Understandably, UNA requested that the Board’s decision be judicially reviewed by the Alberta Court of Queen’s Bench. At the Court of Queen’s Bench, the reviewing Justice found that the Board had erred in applying the Johnstone test to Ms. Daigle’s circumstances. The reviewing Justice held that the Moore test should have been applied in Ms. Daigle’s grievance arbitration, and they referred the matter back to the Arbitration Board for re-consideration.

AHS appealed the Court of Queen’s Bench’s ruling to the Alberta Court of Appeal.

Daigle at Alberta Court of Appeal

The Alberta Court of Appeal upheld the decision of the Court of Queen’s Bench. The Court of Appeal clearly, and bluntly, stated that the test outlined in Johnstone was incorrect. The fourth criterion that had been added by the Federal Court of Appeal was not supported in the Moore decision, and the Court of Appeal held that by adding on that additional criterion, the Federal Court of Appeal had improperly shifted the burden on accommodation from the respondent to the complainant. By requiring a complainant to show that they had taken reasonable steps to accommodate or work around a practice or policy that was creating an adverse impact, the Johnstone decision allowed employers whose policies were otherwise discriminatory to be let off the hook. The Court of Appeal held that not only was that a repugnant result from a public policy perspective, but it was just plainly wrong in law.
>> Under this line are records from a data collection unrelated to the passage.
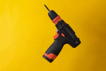 Cordless screwdriver isolated on yellow background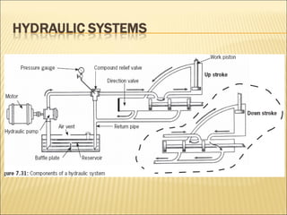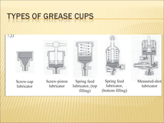 The document details the importance of machinery maintenance, highlighting the need for routine tasks like inspection, lubrication, and part replacement to prevent wear and machine failure. It explains the role of lubricants, particularly oil and grease, in reducing friction and extending the lifespan of components, as well as discussing different types of lubrication systems. Additionally, it covers failure causes and the significance of regular maintenance in hydraulic and pneumatic systems to ensure operational safety.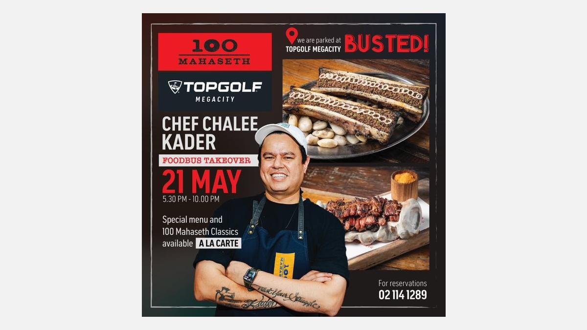 Foodies, are you ready for a gastronomic adventure? Join us for a special event with he renowed Chef Chalee Kader from 100 Mahaseth, as he takes iver the BUSTED Area of Topgolf Megacity on May 21st 2023. This is an event you won’t want to miss!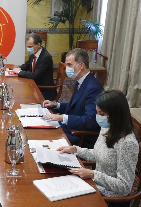 Krolowa Letizia i krol Filip na spotkaniu dot. koronawirusa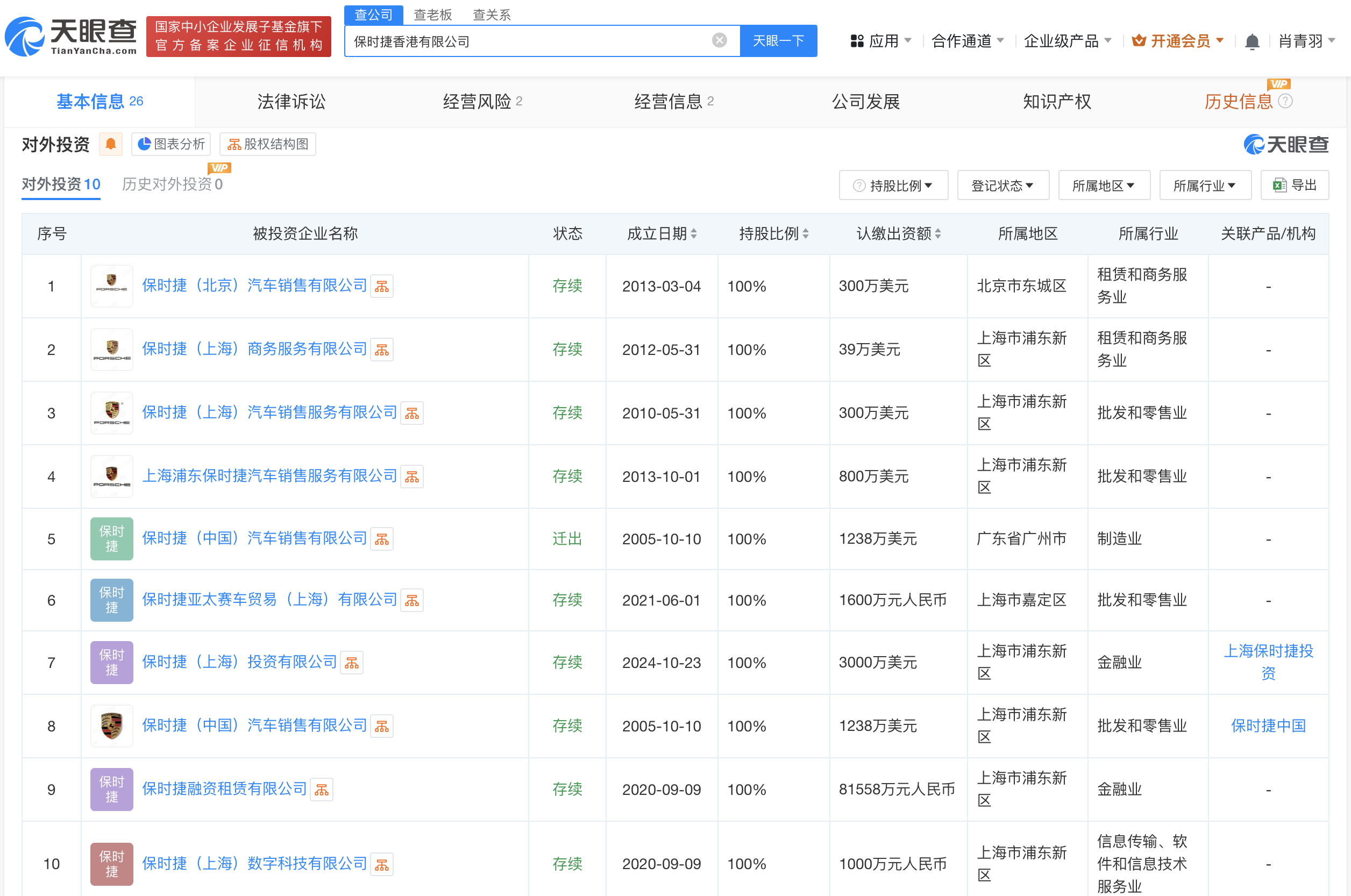 此外,保时捷香港有限公司共对外投资10家公司,除上述公司外,还包括保时捷(北京)汽车销售有限公司、保时捷(上海)商务服务有限公司、保时捷融资租赁有限公司等。

The Alberta Court of Appeal further clarified that the only stage in which possible accommodations should be considered is in the second stage of the Moore analysis, when the burden shifts to the employer to show that it cannot accommodate the employee to the point of undue hardship. The argument from Johnstone that finding alternative childcare arrangements was “choice” for an employee was also rejected by the Alberta Court of Appeal, and it stated as follows:

[72] […] when one has a child or children and is employed, not only is childcare not a “true choice”, but choice is irrelevant to the question of discrimination.

What You Need to Know From Daigle Appeal

The Daigle Appeal is important because it clarifies and affirms that there is only one test for establishing discrimination under the law in Canada. When an employee believes that he or she is being discriminated against because they have childcare conflicts with their work schedule or work duties, as Ms. Daigle had, it is understandable that they will probably want to take steps to resolve the problem on their own and work around their employer’s discriminatory policies or practices before making a complaint.

However, as the Court of Appeal pointed out in the Daigle Appeal, an employee does not need to prove that their own efforts at working around the problem have failed in order to establish a prima facie case of discrimination. The Moore test is the correct test, and what the employee can reasonably do or may try to do to resolve the conflict between their work duties and childcare responsibilities is irrelevant to the issue of whether the employee has been discriminated against. Possible options for accommodation is only something to consider after a case for discrimination has been established on the three-part test from Moore, when the burden shifts to the employer to rebut the presumption that its policy or practice is discriminatory by showing that it cannot accommodate the employee to the point of undue hardship.